La Historical Association -algo así como el equivalente a la española Academia de la Historia- acaba de entregar un estudio al Departamento de Educación en el que se denuncia cómo colegios por todo el país evitan explicar a sus alumnos temas ‘difíciles’ como el Holocausto o las Cruzadas por temor a “ofender” a los musulmanes, tanto a los estudiantes como a sus familias. En realidad, el informe va mucho más allá, pues no sólo encuentra otros repentinos ‘agujeros negros’ en la 'revisada' historia enseñada a niños y jóvenes sino el mayor ‘agujero negro’ de todos: la propia “ignorancia” y falta de formación de los propios profesores.

El informe de la Historical Association, financiado con fondos del Departamento de Educación, ha descubierto cómo muchos colegios y profesores evitan hablar de las Cruzadas para no entrar en contradicción con los puntos de vista con que se adoctrina a los niños musulmanes en las mezquitas pero también eluden mencionar el Holocausto, con el fin de no excitar aun más los sentimientos antisemitas en esos mismos niños islámicos, que se encuentran a un paso de la negación cultural sistemática de lo sucedido con los judíos en la Europa nazi. Sin embargo, otros temas difíciles también son ‘apartados’ por los profesores de la historia multicultural y tolerante.

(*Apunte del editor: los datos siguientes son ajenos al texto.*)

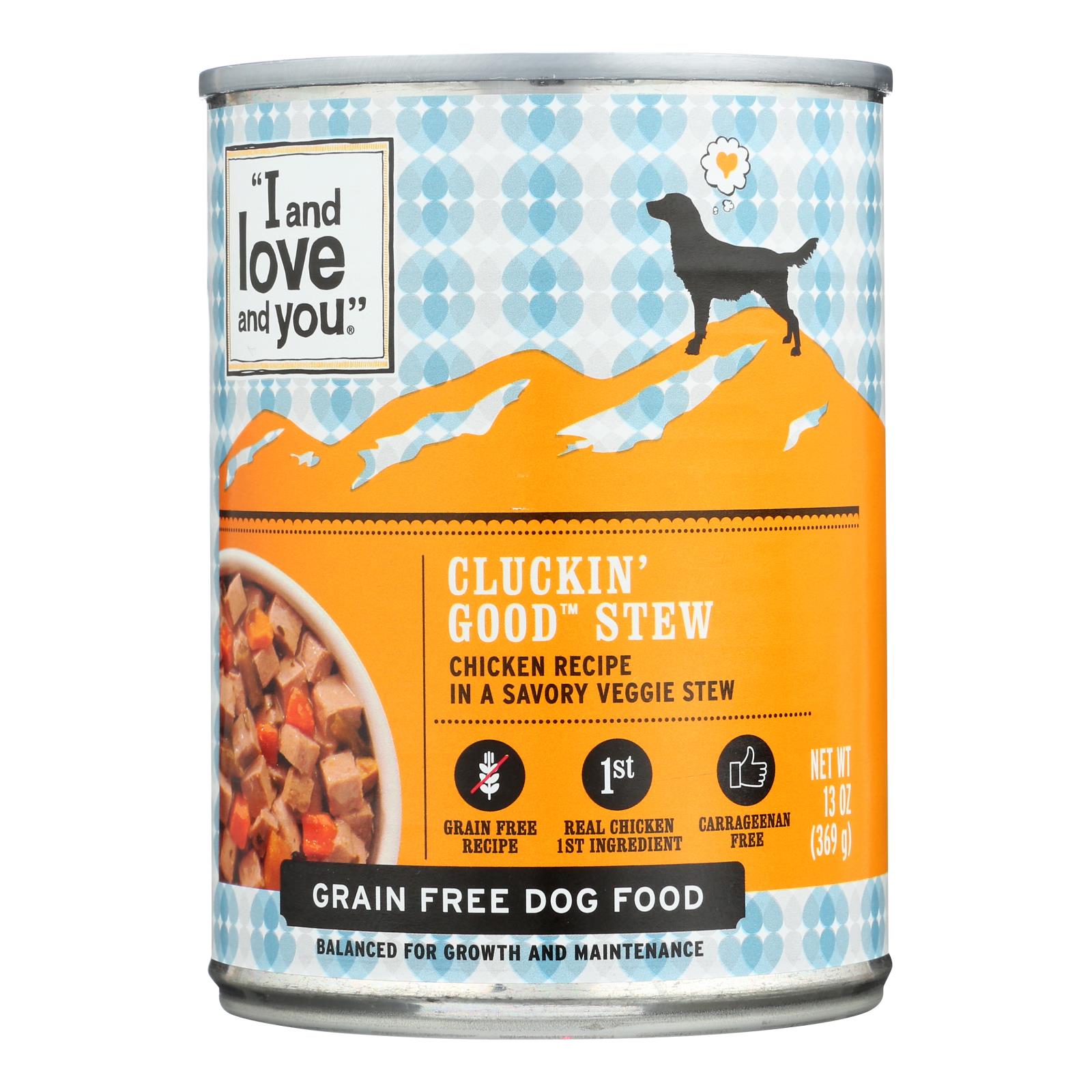 I and love and you dog canned food, cluckin' good stew is natural with added vitamins and minerals. This protein-rich dog food is made with real chicken morsels in a savory veggie stew. This grain and gluten-free dog food is also full of antioxidants and does not contain artificial colors, flavors or preservatives. Each can of i and love and you dog canned food, cluckin' good stew contains 13 oz. Of product.

La esclavitud, abolida; su historia, también

Por ejemplo, no se habla de la esclavitud -otro de los controvertidos 'temas difíciles' en el Reino Unido- o se hace de forma ‘no traumática’ hasta llegar a “minimizar” o, directamente, a soslayar, el papel de las autoridades de los países blancos a la hora de abolirla. Se trata de que los niños negros no se vean a sí mismos como víctimas pero, de paso, y expurgando la lucha abolicionista del antiesclavismo europeo y estadounidense, también se aleja a los niños blancos de una parte de su propia historia, esta vez, positiva. Por ello, los profesores optan por sacrificar el 'tema' con el fin de no crear ‘problemas’ ni ‘conflictos’ en las mentes de los estudiantes de distintas razas.

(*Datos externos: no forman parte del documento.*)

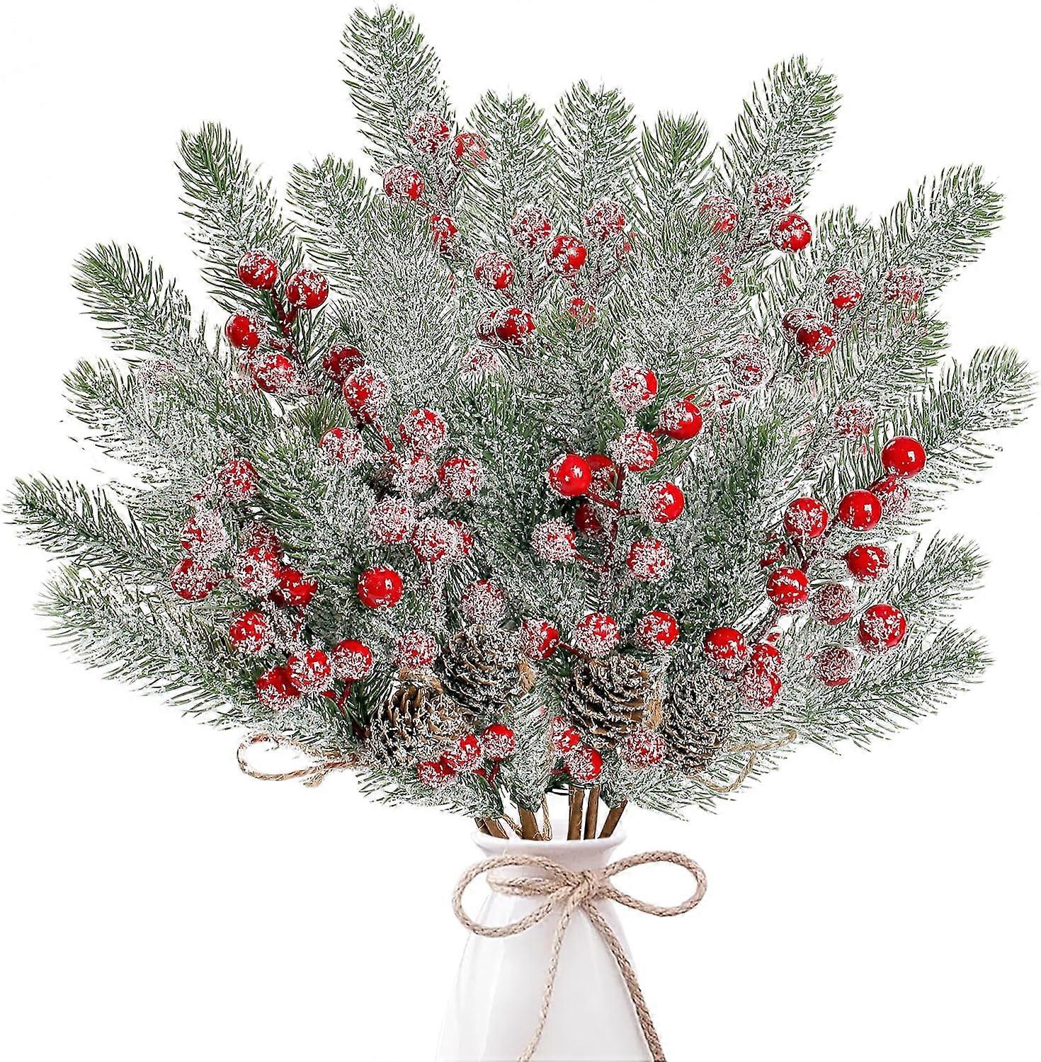 8 Pack White Snow Frosted Christmas Berries Pine Picks, Artificial Pine Branches with Pine Cones for Xmas Tree, Wreath, DIY Craft, Holiday Decor

En un contexto en que las anteriores élites ‘progresistas’ del laborismo británico luchan con las conservadoras -e, incluso, dentro del propio gobierno laborista- por ver quién defiende ahora con mayor virulencia los "valores familiares" y del orgullo nacional, el ejecutivo de Blair aprobaba a comienzos de año una renovación de la asignatura de “ciudadanía” en la que no sólo se incluyen en el programa educativo temas como el Holocausto o la historia de la esclavitud -por cierto, sólo la “transatlántica”- sino el “legado del Imperio Británico” en los países donde dominó y en los que también dejó valores, derechos, progreso y civilización además de las tenebrosas memorias tan del agrado de la autoflagelación europea.

Sin embargo, por el momento, y según reconocen las propias autoridades educativas británicas, “corresponde a los colegios valorar las partes obligatorias y no obligatorias del programa educativo nacional”. “Es un marco amplio y tienen la posibilidad de tomar sus propias decisiones”, concluía un portavoz del Departamento de Educación.